Omit the pictures and return exactly the stretch of the material below from the line with "记录下Token(glpat" through the line with "spring, beautiful, way".

============================================================

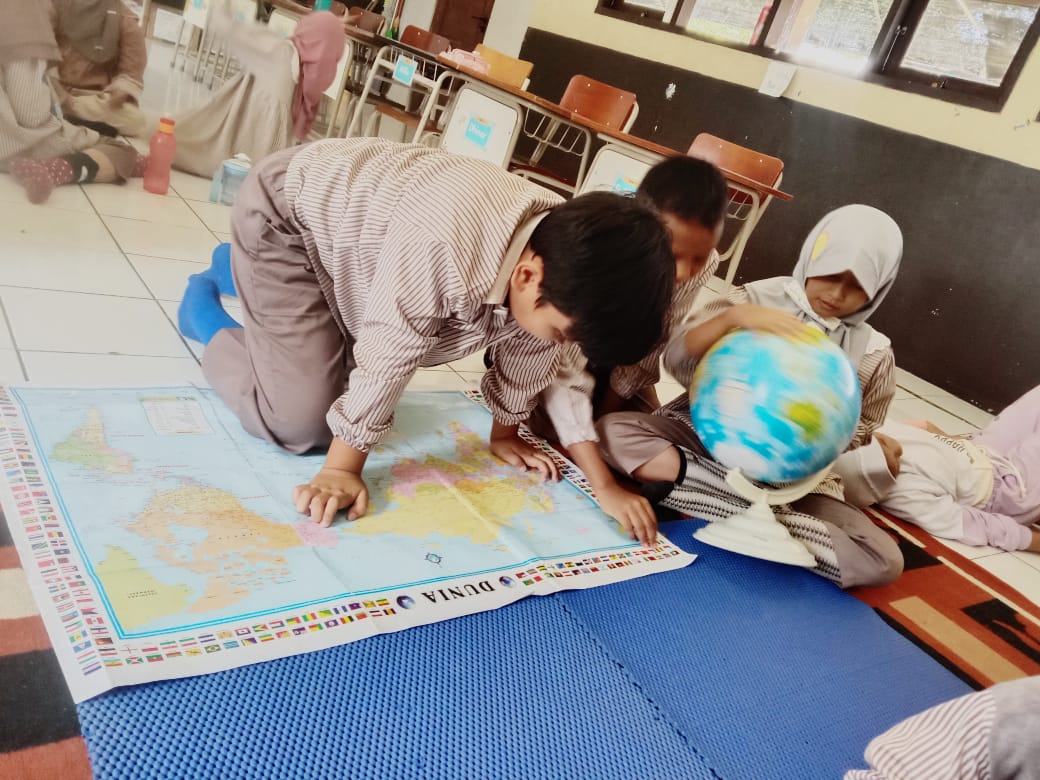 3. Peta dan Bendera: Anak-anak menggunakan peta puzzle benua dan negara untuk mempelajari lokasi berbagai wilayah, serta bendera dan ciri fisik utama setiap wilayah.
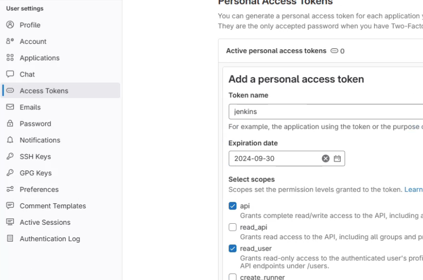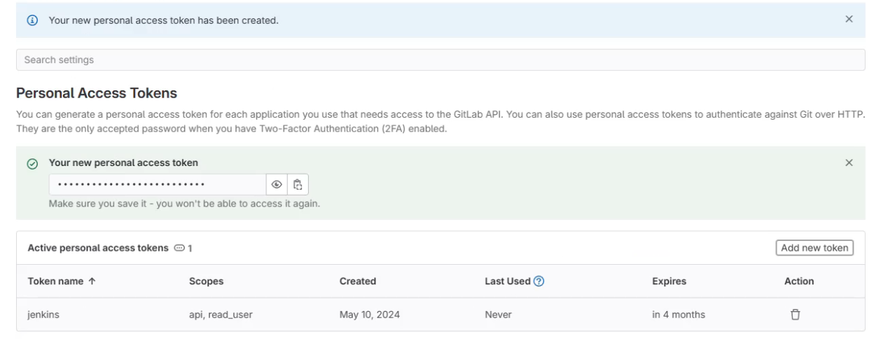记录下Token(glpat-earMgQ66g4SdoMNjJr6e),后面配置Jenkins时会用到。
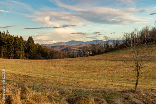 landscape, heaven, mountain, grass, cloud, field, hill, countryside, rural, vale, green, travel, scenic, blue, beauty, poland, tree, early spring, beautiful, way
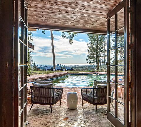 A rare opportunity to live in a lot totaling approx. 2.25 acres in Beverly Hills Post Office. A gated driveway leads you to a motor court before the main home which features a separate apartment above the garage, a guest house, pool, and spa. The garden is perfectly situated to take advantage of the views in utmost privacy. Expansive views from Century City to the Ocean. Pictures are staged.
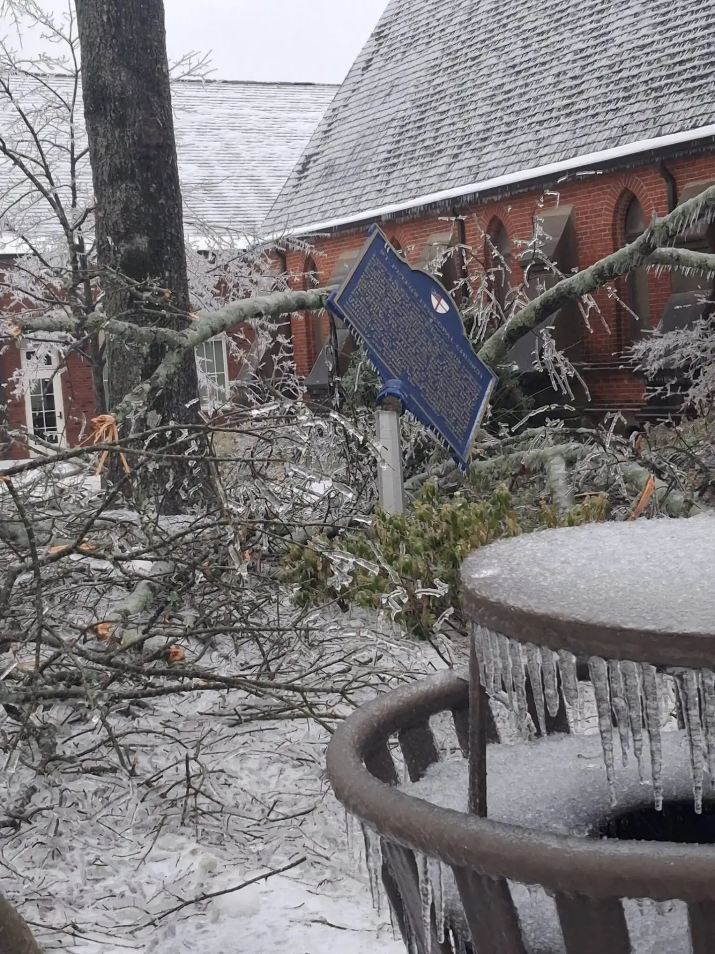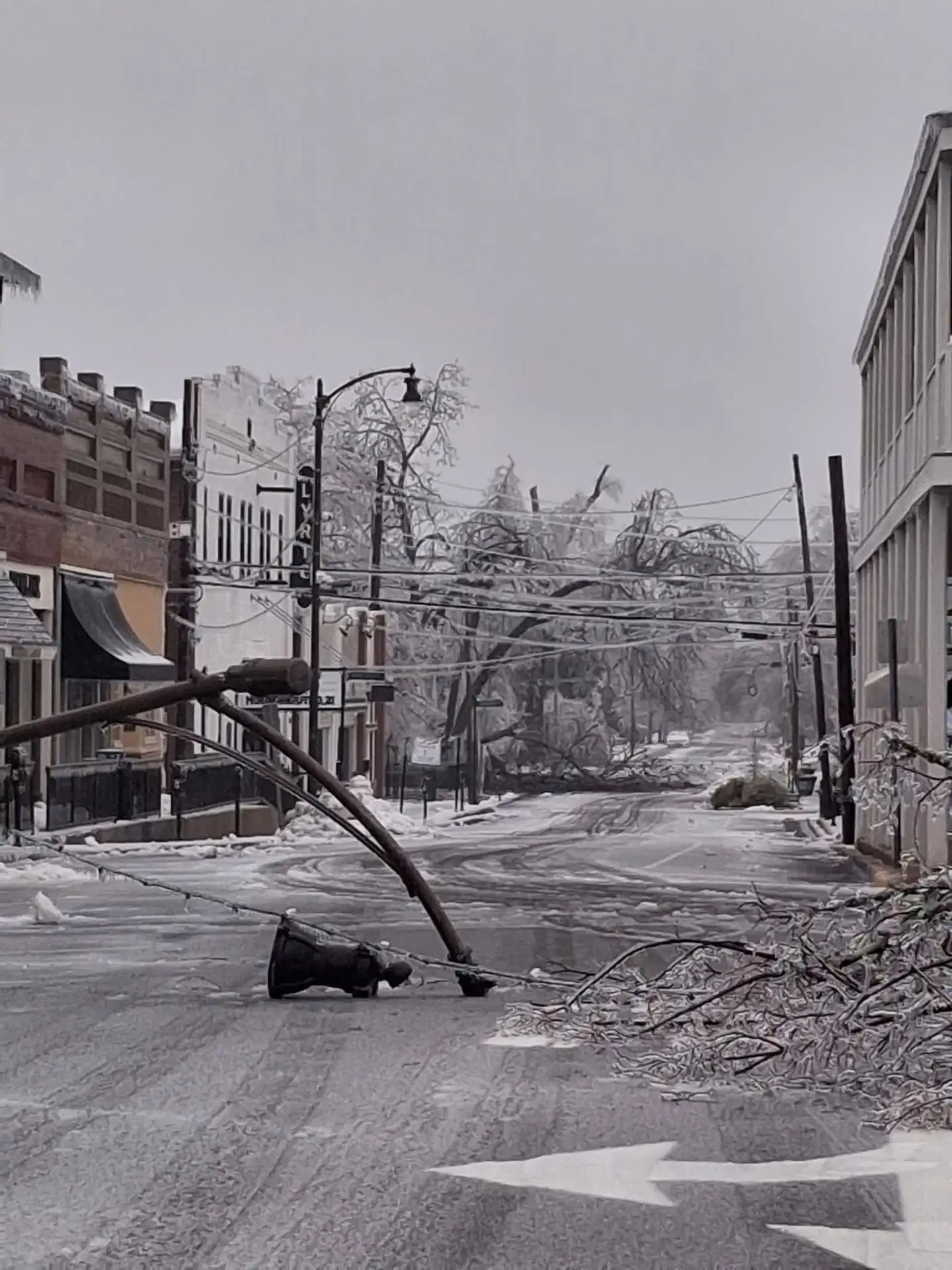 Ледяной дождь поломал тысячи деревьев и отключил электричество во всём городе.
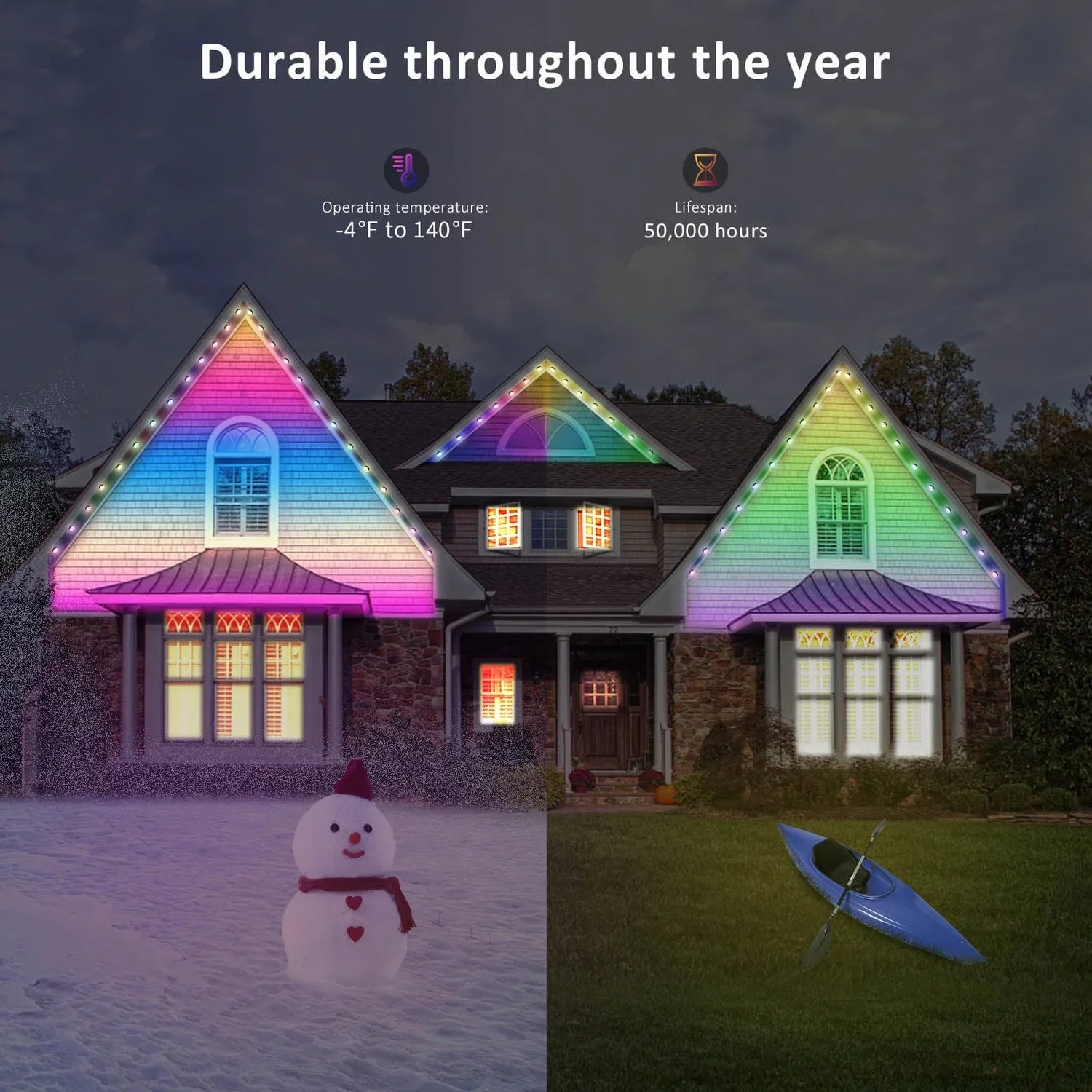 Easily customize colors and brightness to match your mood, holiday, or special occasion through the mobile app. Built to withstand harsh weather conditions, these lights are water-resistant and durable for long-term, safe outdoor use. Perfect for gardens, balconies, or patios, they create the ultimate outdoor ambiance and comfort.
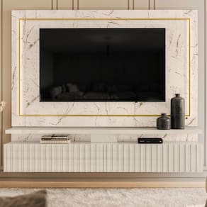 Esse Home é perfeito para o seu ambiente, o painel contém detalhes ripados e Fitas de LED garantindo a elegância para a sua sala. Testado para TVs de 75 polegadas.
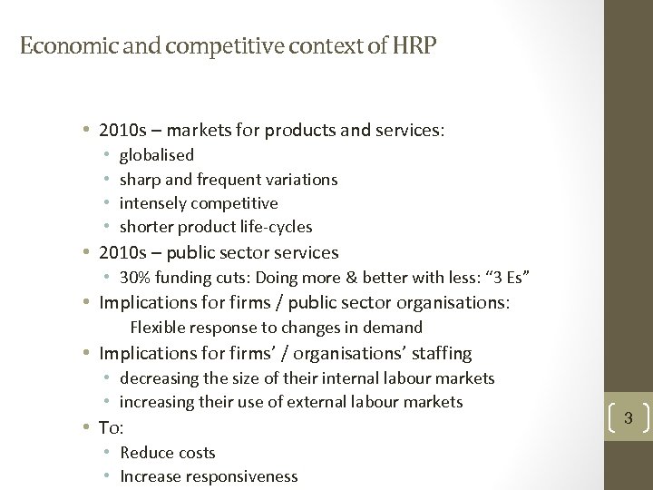 Economic and competitive context of HRP • 2010 s – markets for products and services: • • globalised sharp and frequent variations intensely competitive shorter product life-cycles • 2010 s – public sector services • 30% funding cuts: Doing more & better with less: “ 3 Es” • Implications for firms / public sector organisations: Flexible response to changes in demand • Implications for firms’ / organisations’ staffing • decreasing the size of their internal labour markets • increasing their use of external labour markets • To: • Reduce costs • Increase responsiveness 3
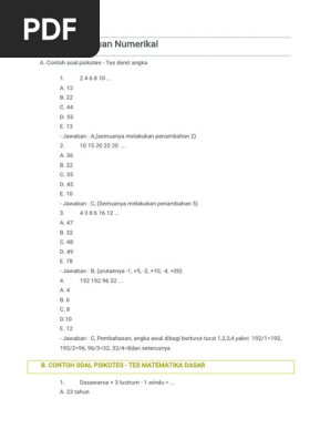 Contoh soal psikotes numerik dan jawabannya. Kali ini kita bakal bahas cara kerja soal penalaran yang biasa muncul saat psikotes sbmptn stan dan stis. Bahkan contoh soal psikotes dan kunci jawaban tidak hanya dipakai pada ujian seleksi masuk perusahaan namun sudah dipakai pada seleksi tes masuk perguruan tinggi negeri s1 s2 dan s3 tes penerimaan cpns dan bumn tes kenaikan jabatan tes rekrutmen karyawan swasta dan tes rekrutmen perusahaan asing. Baris dan deret yang muncul di penalaran numerik sendiri banyak banget.
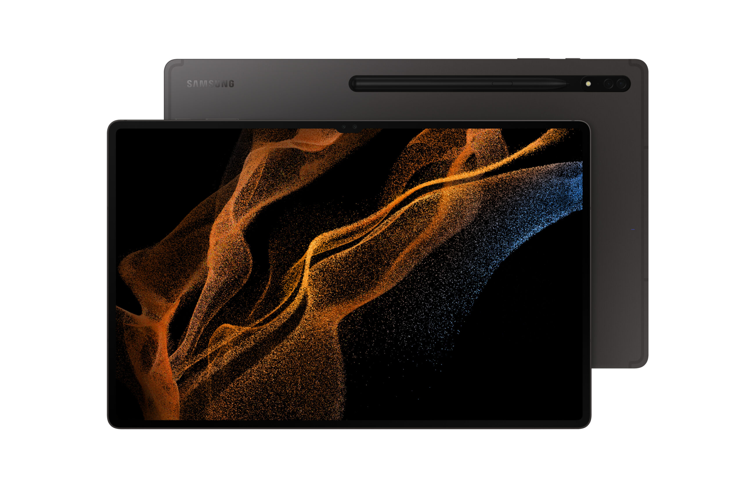Samsung Galaxy Tab S8 Ultra . Beeldschermdiagonaal: 37,1 cm (14.6″), Resolutie: 2960 x 1848 Pixels, Display technologie: OLED. Interne opslagcapaciteit: 256 GB. Frequentie van processor: 2,99 GHz, Processorfamilie: Qualcomm Snapdragon, Processormodel: SM8450. Intern geheugen: 12 GB. Resolutie camera achterzijde (numeriek): 13 MP, Resolutie camera voorzijde (numeriek): 12 MP. Wifi-standaard: Wi-Fi 6E (802.11ax). Geïntegreerde geheugenkaartlezer. Gewicht: 728 g. Inclusief besturingssysteem: Android 12. Kleur van het product: Grafiet
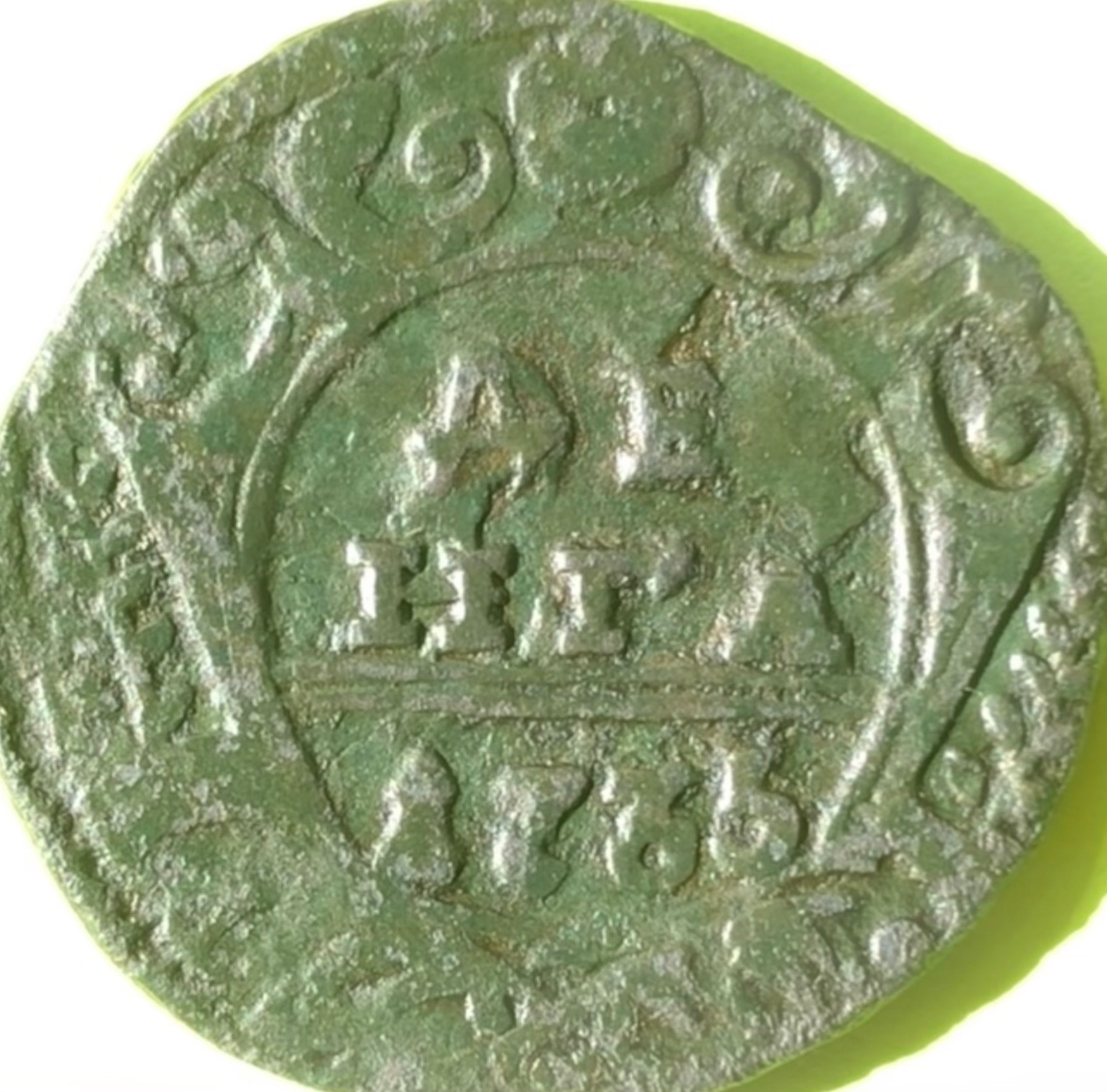 Перечекан 1735 года в пятом шаблоне с пятилепестковой розеткой. Все. Точка.

============================================================

== RESPONSE BELOW ==
记录下Token(glpat-earMgQ66g4SdoMNjJr6e),后面配置Jenkins时会用到。
 landscape, heaven, mountain, grass, cloud, field, hill, countryside, rural, vale, green, travel, scenic, blue, beauty, poland, tree, early spring, beautiful, way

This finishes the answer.